Au même moment, le Coq qu’il avait protégé contre le Renard apparut au bord et lui dit :
« La fée Bienfaisante ne peut rien pour toi ; cette montagne est hors de sa puissance ; mais tu m’as sauvé la vie, je veux te témoigner ma reconnaissance. Monte sur mon dos, Henri, et, foi de Coq, je te mènerai à l’autre bord. »
Henri n’hésita pas ; il se lança sur le dos du Coq, s’attendant à tomber dans l’eau ; mais il ne fut même pas mouillé, car le Coq le reçut si habilement sur son dos, qu’il s’y trouva assis aussi solidement que sur un cheval. Il se cramponna fortement à la crête du Coq, qui commença la traversée ; la rivière était si large qu’il vola pendant vingt et un jours avant d’arriver à l’autre bord, et pendant ces vingt et un jours Henri n’eut ni faim, ni soif, ni sommeil.
Quand ils furent arrivés, Henri remercia poliment le Coq, qui hérissa gracieusement ses plumes et disparut.
Un instant après, Henri se retourna, la rivière avait aussi disparu.
« C’est sans doute le génie de la montagne qui voulait m’empêcher d’arriver, dit Henri ; mais avec le secours de la fée Bienfaisante, me voici bien près d’atteindre le but. »
III
LA MOISSON
Il marcha longtemps, longtemps mais il avait beau marcher, il n’était pas plus loin du pied de la montagne ni plus près du sommet que lorsqu’il avait passé la rivière.
Un autre enfant aurait retourné sur ses pas mais le brave petit Henri ne se découragea pas, et, malgré une fatigue extrême, il marcha vingt et un jours sans avancer davantage.

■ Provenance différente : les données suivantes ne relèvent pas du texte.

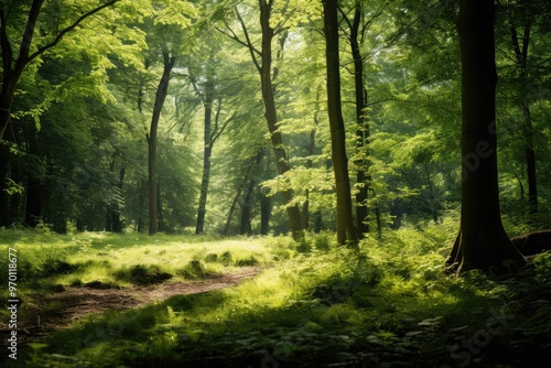 © Azadart, Naklejka premium Beautiful green forest and tree with sun reflection background, Natural background of tree and forest
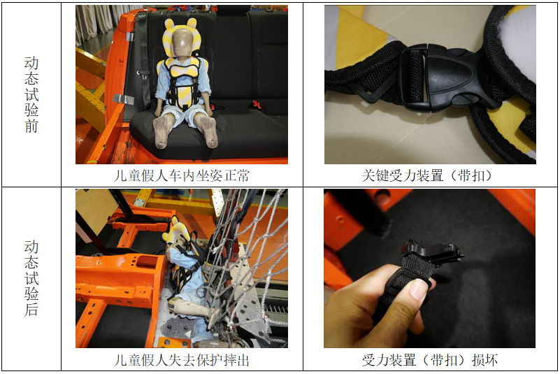 1.“儿童安全坐垫”的安全系带、卡扣等部件结构强度不足。安全坐垫与安全座椅的最大区别是材质不同,儿童安全坐垫一般采用柔性或半刚性材料制成,其结构强度低于安全标准要求,在模拟车辆发生碰撞的动态试验中,承受不了巨大惯性力出现破损或与汽车座椅分离,会导致试验假人飞出。
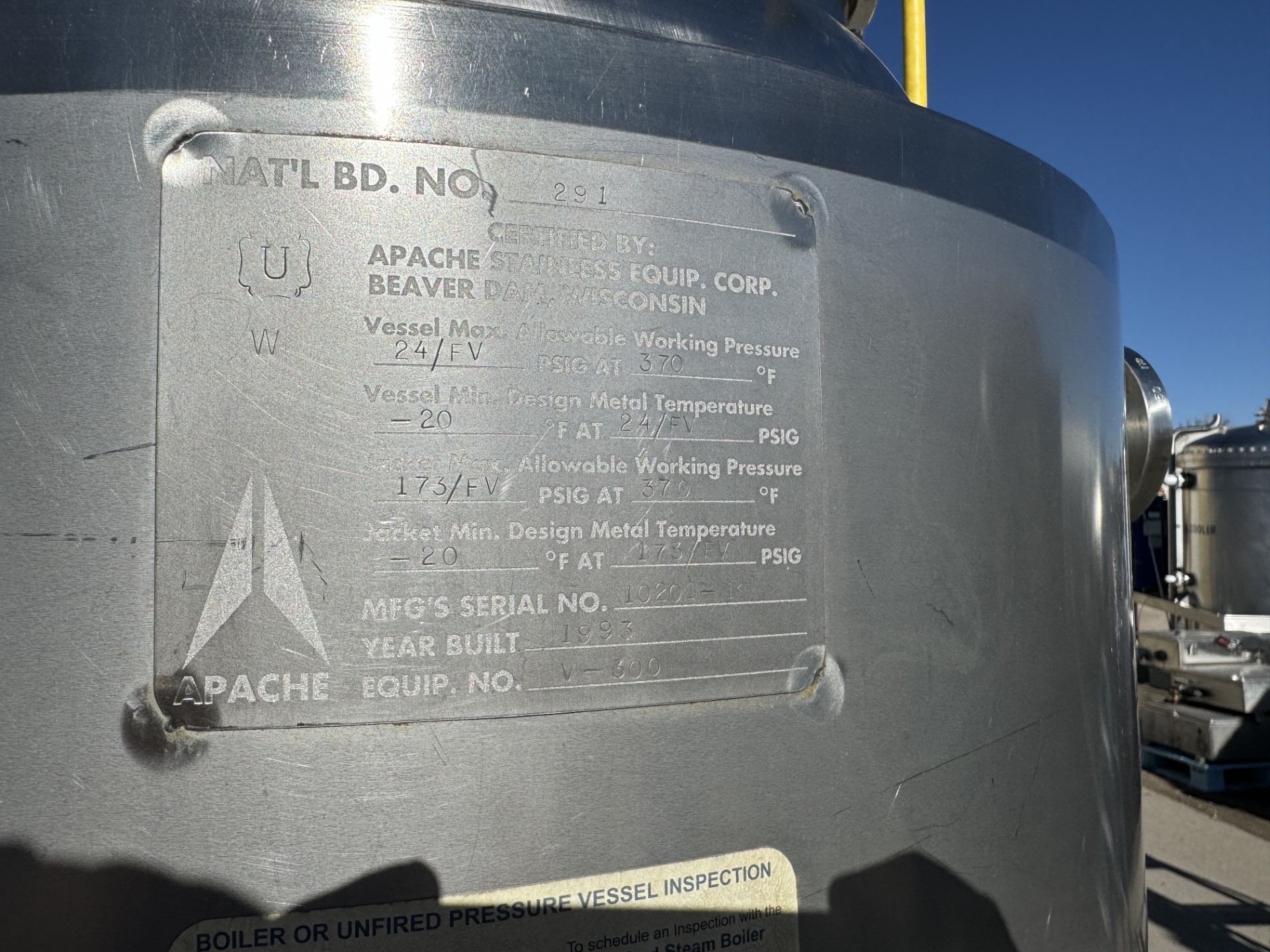 65 GALLON PROCESSOR TANK. MANUFACTURER APACHE SERIAL 10201-1. , CYLINDRICAL, DOMED TOP , DISH BOTTOM , JACKET, 304 SS EXTERIOR, 1 1/2" TC OUTLET. HIGH SHEAR LIGHNIN' MIXER. THERMOWELL. HEIGHT 101", DIAMETER 34".
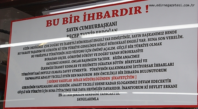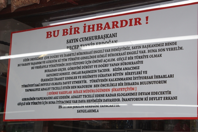 Edirne’de her gün binlerce yerli ve yabancı turistin gezdiği bedesten çarşısında bir esnaf Vakıflar Edirne Bölge Müdürlüğü tarafından haksızlığa uğradığını öne sürerek “Bu bir ihbardır” sloganıyla hazırladığı afişle Cumhurbaşkanı Erdoğan’a seslendi.Bedesten çarşısında işletme sahibi bir esnaf, Edirne Vakıflar Bölge Müdürlüğünden şikayetçi olduğunu belirterek Cumhurbaşkanı Recep Tayyip Erdoğan’a hitaben bir afiş hazırladı.Vakıflar Edirne Bölge Müdürlüğü tarafından mağdur edildiğini ifade eden esnaf, adaletin tecelli etmesi için bir ihbar mesajı yayınladığını söyledi.
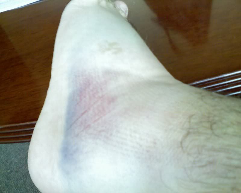Next up, is kind-of gross. My ankel got totally pwned on Wednesday. I hike Kennesaw Mountain Trail on my lunch breaks during the week and coming down, about a third f the way, I was jogging and landed on a rock the wrong way. Ankle rolled, I writhed in pain and had to hobble about a 3/4 of a mile the rest of the way down. This is probably the 7th or 8th time I've rolled this ankle and I think it hurts worse after each one. I went out and replaced my dog-eaten Aircast with a new one. All I have to say is "Look at all the pretty colors."
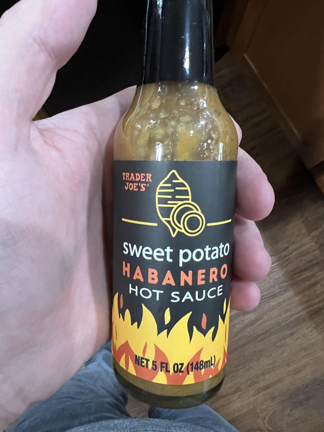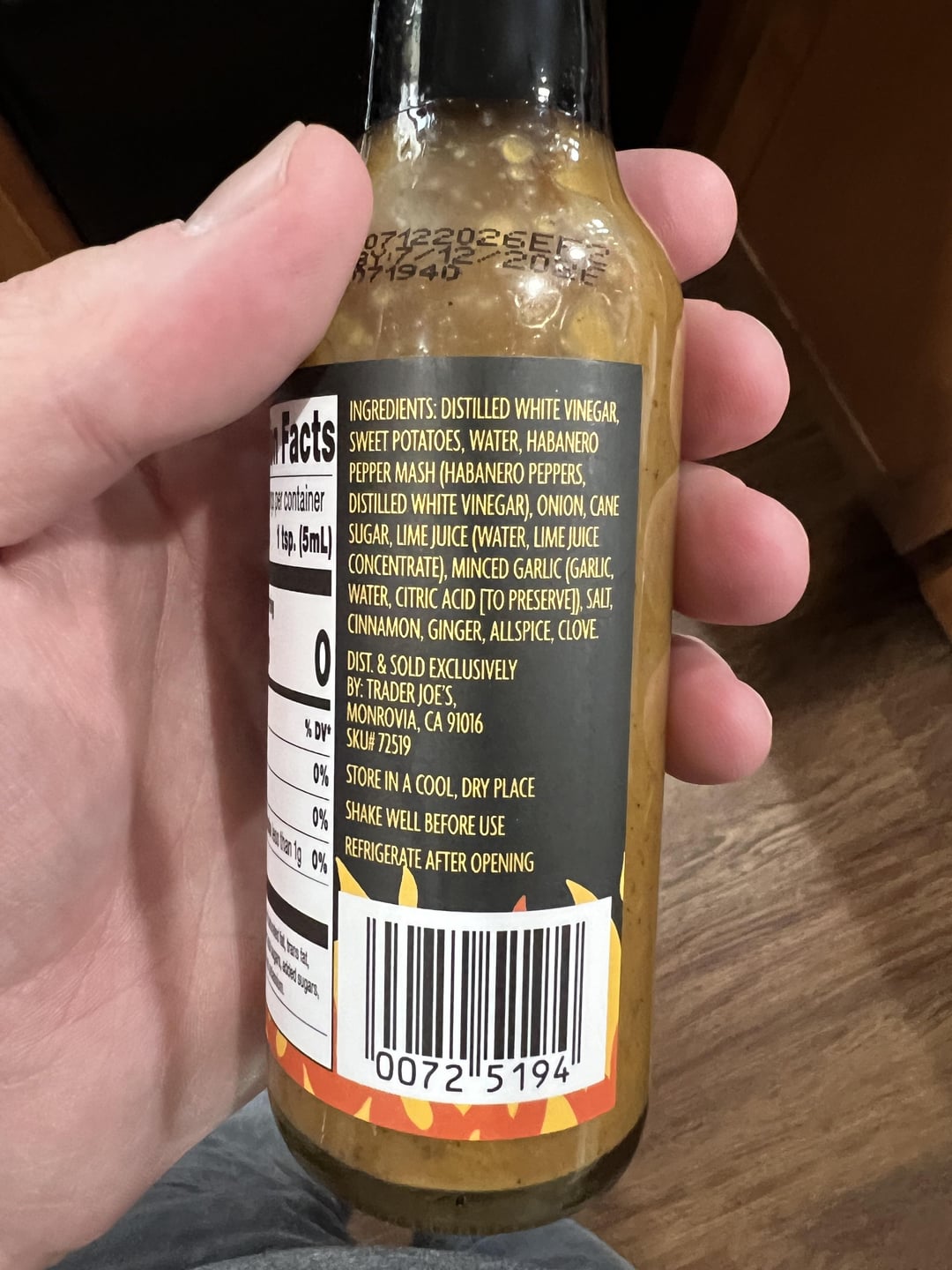 Tastes great, but I wish it was puréed more thoroughly. I don’t like how it kind of plops out of the bottle in clumps. Also, I’m no hothead, as this was my first habanero sauce, but I suspect this isn’t really representative of habanero’s true heat. Based on the tiny bottle I was expecting a little bit to go a long way, but I’d rate it at about the same level of heat as Sky Valley sriracha, which is about the hottest sauce in my typical rotation.
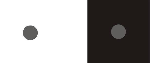 Framing is only protostructure and it is a commonplace of perception, shared by the other animals and surely by Homo sapiens back before the transition. The surroundings make a big difference. The spots are the same shade of gray, but the square black surround lightens our perception of the surrounded spot. In the moon illusion, the moon looks a lot larger when framed near the horizon.
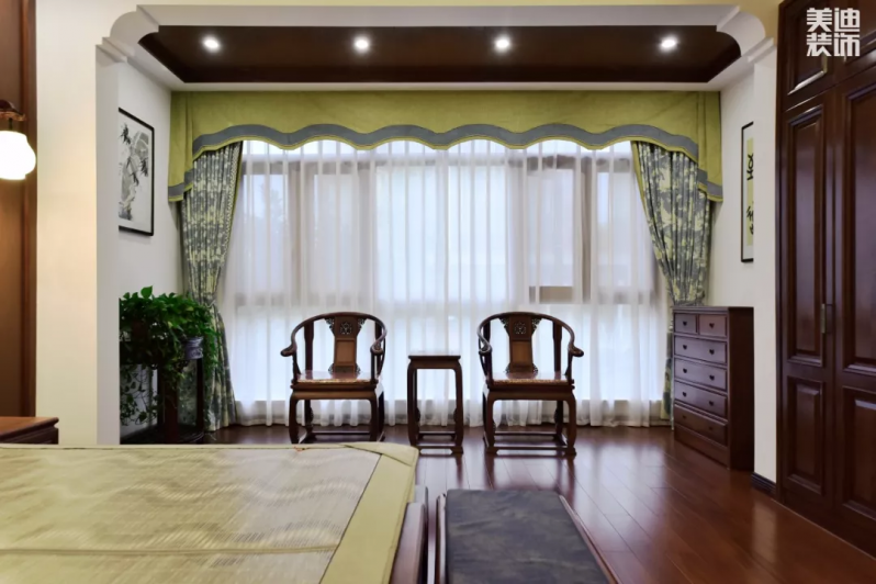 明式家具也在臥室中充分綻放出它的魅力,原木色家具配上亮色窗簾和綠植,空間沉穩中又不失靈氣,更彰顯出原木色的高貴與優雅。
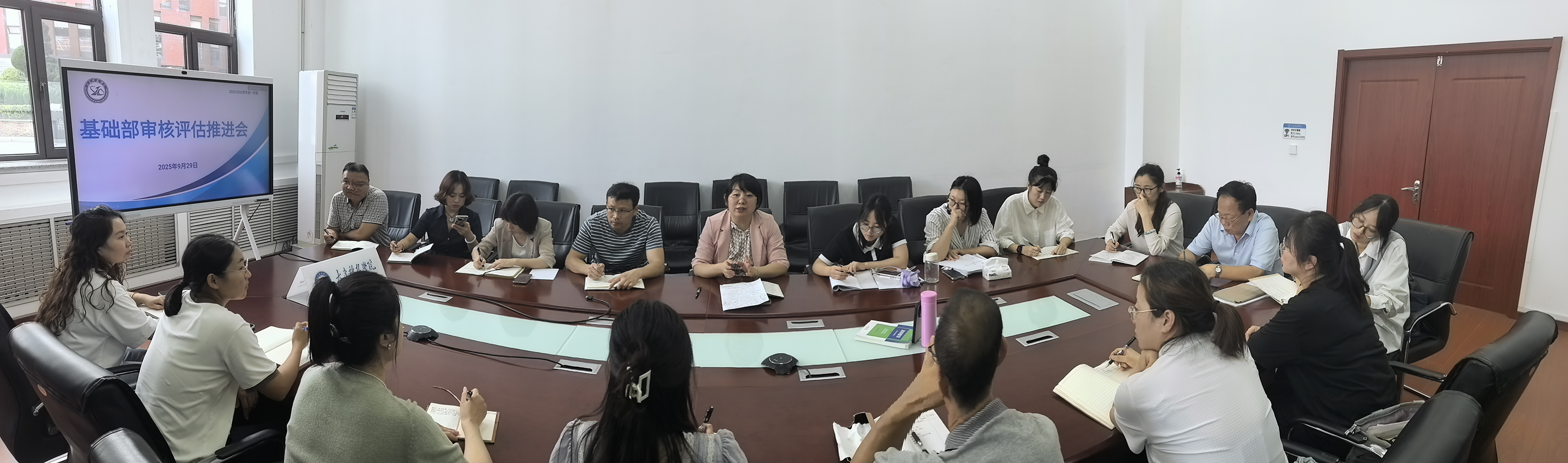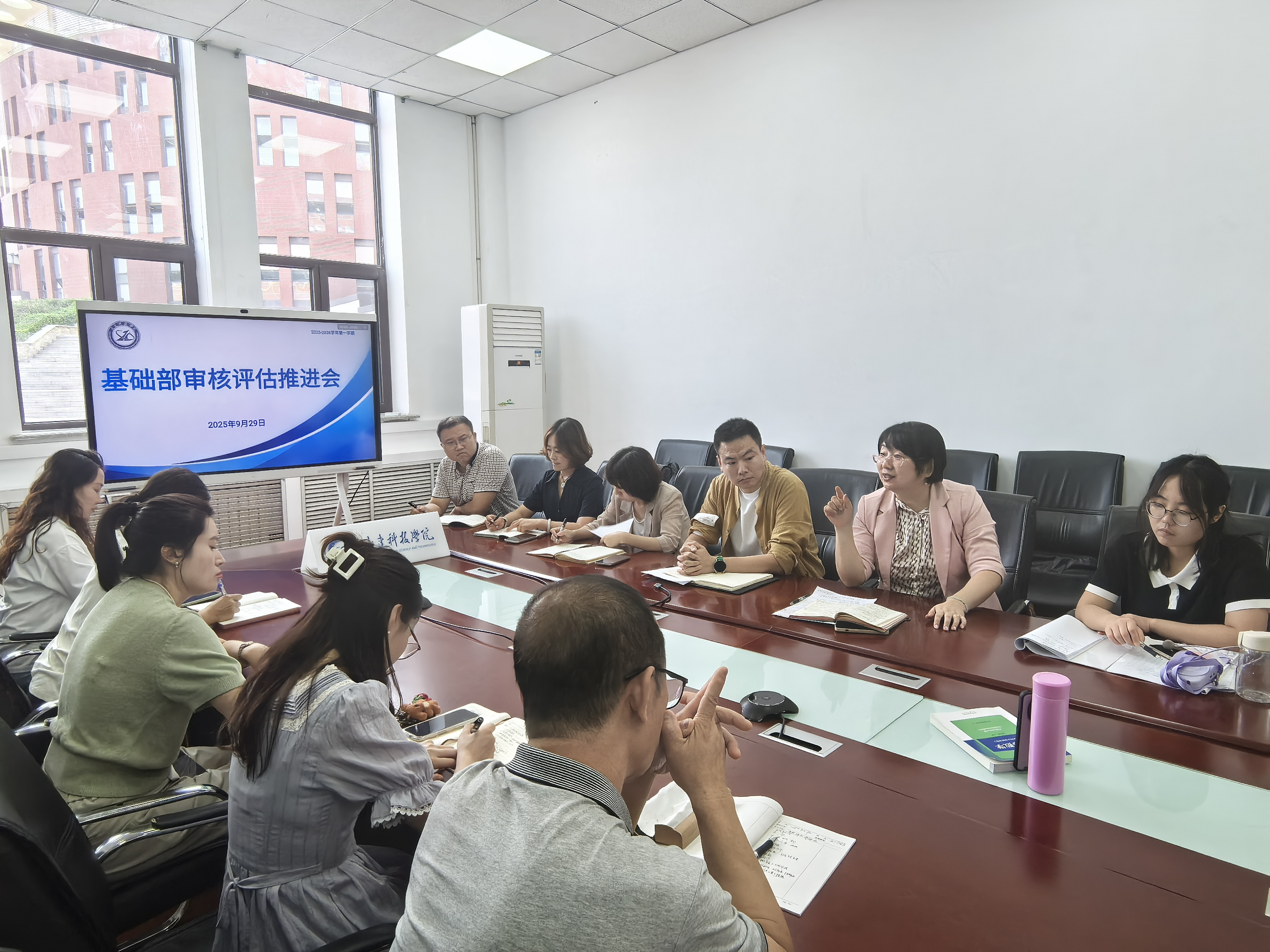 为扎实推进审核评估各项工作落地见效,确保顺利完成评估目标任务,9月29日15:00,基础部在 E1会议室召开审核评估推进会。基础部领导张凤主任、王飞副主任出席会议并讲话,各教研室主任、办公室主任级全体教师参加会议。

Au bout de ce temps, il n’était pas plus découragé qu’au premier jour.
« Dussé-je marcher cent ans, dit-il, j’irai jusqu’à ce que j’arrive en haut. »
À peine avait-il prononcé ces paroles, qu’il vit devant lui un petit Vieillard qui le regardait d’un air malin.
« Tu as donc bien envie d’arriver, petit ? lui dit-il. Que cherches-tu au haut de cette montagne ?
— La plante de vie, mon bon Monsieur, pour sauver ma bonne maman qui se meurt. »
Le petit Vieillard hocha la tête, appuya son petit menton pointu sur la pomme d’or de sa canne, et dit, après avoir examiné longuement Henri :
« Ta physionomie douce et franche me plaît, mon garçon ; je suis un des génies de la montagne : je te laisserai avancer à condition que tu me récolteras tout mon blé, que tu le battras, que tu en feras de la farine, et que tu mettras la farine en pains. Quand tout sera récolté, battu, moulu et cuit, appelle-moi. Tu trouveras tous les ustensiles qui te seront nécessaires dans le fossé ici près de toi ; les champs de blé sont devant toi et couvrent la montagne. »
Le petit Vieillard disparut, et Henri considéra d’un œil effrayé les immenses champs de blé qui se déroulaient devant lui. Mais il surmonta bien vite ce sentiment de découragement, ôta sa veste, prit dans le fossé une faucille et se mit résolument à couper le blé. Il y passa cent quatre-vingt-quinze jours et autant de nuits.
Quand tout fut coupé, Henri se mit à battre le blé avec un fléau qu’il trouva sous sa main ; il le battit pendant soixante jours. Quand tout fut battu, il commença à le moudre dans un moulin qui s’éleva près du blé. Il moulut pendant quatre-vingt-dix jours. Quand tout fut moulu, il se mit à pétrir et à cuire, il pétrit et cuisit pendant cent vingt jours. À mesure que les pains étaient cuits, il les rangeait proprement sur des rayons, comme des livres dans une bibliothèque. Lorsque tout fut fini, Henri se sentit transporté de joie et appela le génie de la montagne. Le génie apparut immédiatement, compta quatre cent soixante-huit mille trois cent vingt-neuf pains, craqua un petit bout du premier et du dernier, s’approcha de Henri, lui donna une petite tape sur la joue et lui dit :
« Tu es un bon garçon et je veux te payer ton travail. »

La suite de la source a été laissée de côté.